Shattering of my Heart

I just said goodbye to my mum. She has been visiting us for the past month from Australia. I see her about twice a year. Personally, this isn’t nearly enough because I can see how much joy her grandchildren bring into her life and how much my kids love her. 
I hate having to say goodbye. It’s so heartbreaking. Truly one of the worst parts about living abroad. And it’s constant goodbyes. Each home visit, we have to eventually leave again. Each visiting relative or friend, has to leave us. I won’t even mention the constant moves of our expat friends! 
Each time, my heart shatters a little more but I have to remain strong. Yes, I show that I’m sad but I don’t like to make a big deal out of it. I don’t want my children to sense that deep down inside, I am missing home so much and wish that this tormenting part of being an expat would end. I want to be a strong role model and teach my children (and remind myself) to enjoy our life now and live here. Jakarta is our home now. We are home. Seeing grandma twice a year is our normal. We are happy. 

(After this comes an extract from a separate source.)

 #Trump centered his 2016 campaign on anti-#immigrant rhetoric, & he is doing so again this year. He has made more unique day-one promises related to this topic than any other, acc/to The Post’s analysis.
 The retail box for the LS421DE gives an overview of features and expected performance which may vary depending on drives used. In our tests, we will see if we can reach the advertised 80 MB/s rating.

The ironic thing about my mum leaving is that our relationship is so much better when we are living in different countries! She also gets very overwhelmed by staying with 3 young kids. Her visits are intense. She doesn’t want to explore our city, she just wants to spend time with her grandchildren. I want her to feel at home and constantly welcomed, even if during certain times, this is difficult for me. I think most expats are fiercely independent (hence why we chose this life), so it’s difficult for me to be suddenly living with my mum again! 

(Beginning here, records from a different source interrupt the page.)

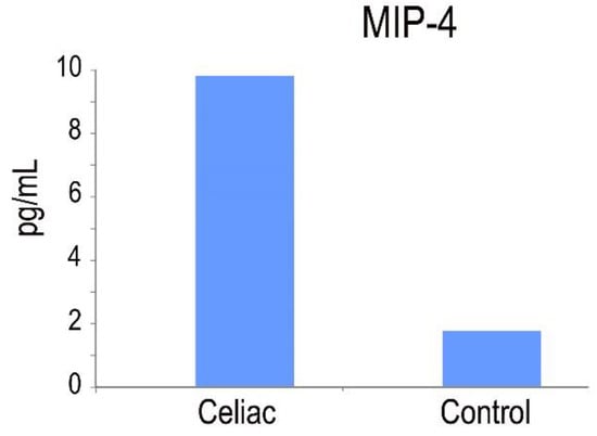 An in vitro enzyme-linked immunosorbent assay for the quantitative measurement of human MIP-4 levels in serum was used. The MIP-4 protein is involved in adaptive immunity due to its capability to attract both CD4+ and CD8+ T lymphocytes [32]. Our results demonstrated that macrophages derived from peripheral blood monocytes exhibited elevated levels of MIP-4 protein expression in CD patients (Figure 8).
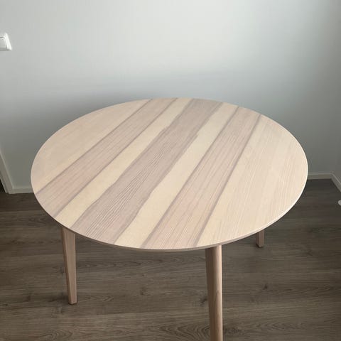 Myydään pyöreä ruokapöytä. Leveys 120cm. Tarkoitettu neljälle henkilölle, mahtuu jopa 6 henkilöä ruokailemaan. Tasossa läheltä katsottuna muutamia kevyitä käytönjälkiä.
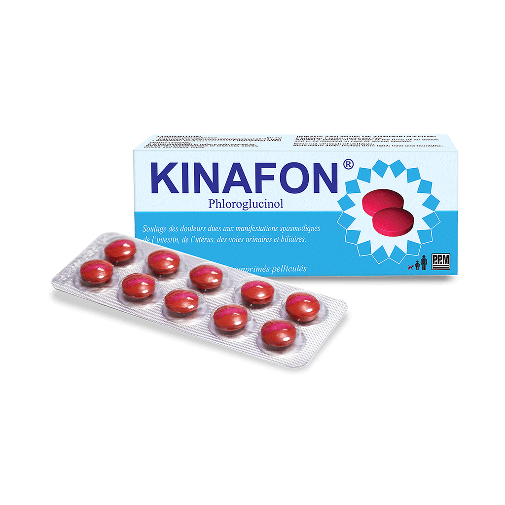 KINAFON® Film-coated tablet is a medicine used to relieve pain caused by spasmodic manifestations of intestine, uterus, urinary and biliary tracts.
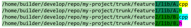 In such view, the end nodes (leaves) will be references. We should not have situations when a string completely coincides with the prefix of another string. This shouldn't happen because we work with files that are unique in the system. We can restore a full string by passing it back to the root of the trie. The search operation in such a trie is directly proportional to the length of the string that we search. There may be problems in case-insensitive file systems. Two different paths may point to the same file, but in our case this can be ignored because this is processed later during comparing. However, in .dfo files, we can still store the original paths that have already been normalized.
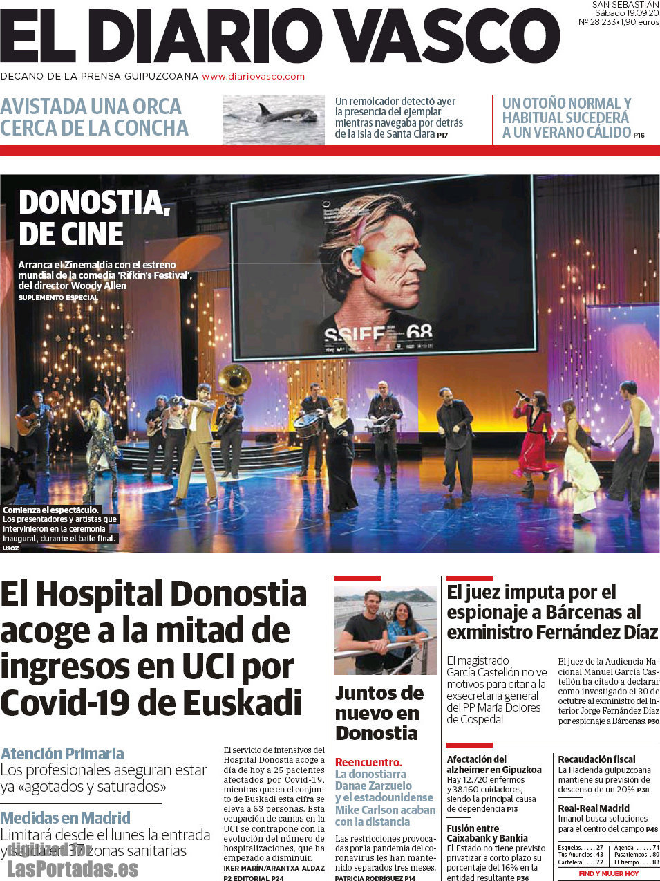 Portada del periodico El Diario Vasco:
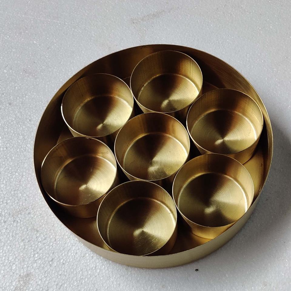 Boîte à épices en laiton pur de haute qualité, écologique, mate, 7 compartiments, organisateur d'épices, fruits secs, cuisine, hôtel, cadeau, nouveau look, garde-manger
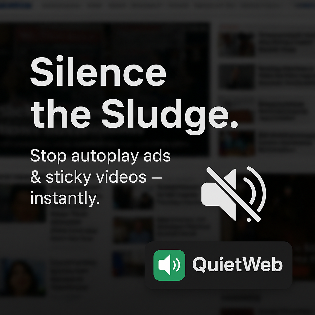 QuietWeb is your browsing bodyguard. It pauses, mutes, and hides intrusive media before it ever slows you down.
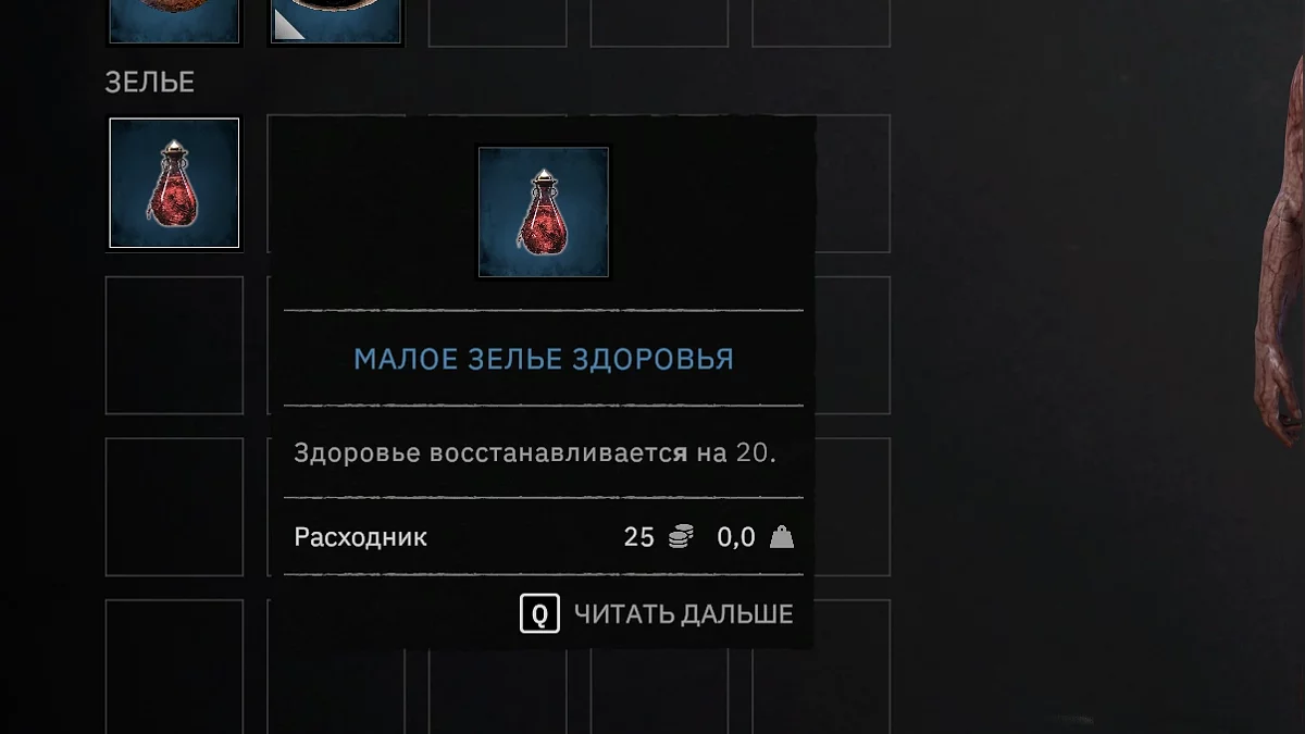 У протилежній камері знайдіть за ліжком «Мале зілля здоров'я». Зілля – алхімічні препарати, як правило, миттєво відновлюють характеристики героя, а також можуть тимчасово підвищувати їх або впливати на атрибути та інші параметри.

I always wonder, how much longer should we sustain this expat lifestyle? My mum is getting older each year and I honestly don’t want my children growing up, and living so far away from her. I worry about her health, her safety, her emotional well being. I worry that if something happens to her, I am too far away. And not having grandparents growing up myself, I truly want this gift for my children. I’ve always wanted my children to be surrounded by their extended family, so why am I doing this?!
The worst part right now is that as much as my heart is breaking, I know my mum’s is a million times worse. She’s left her world behind in Jakarta, crying on a plane, all by herself. And I can’t be there to give her a hug. I’ll miss you mum!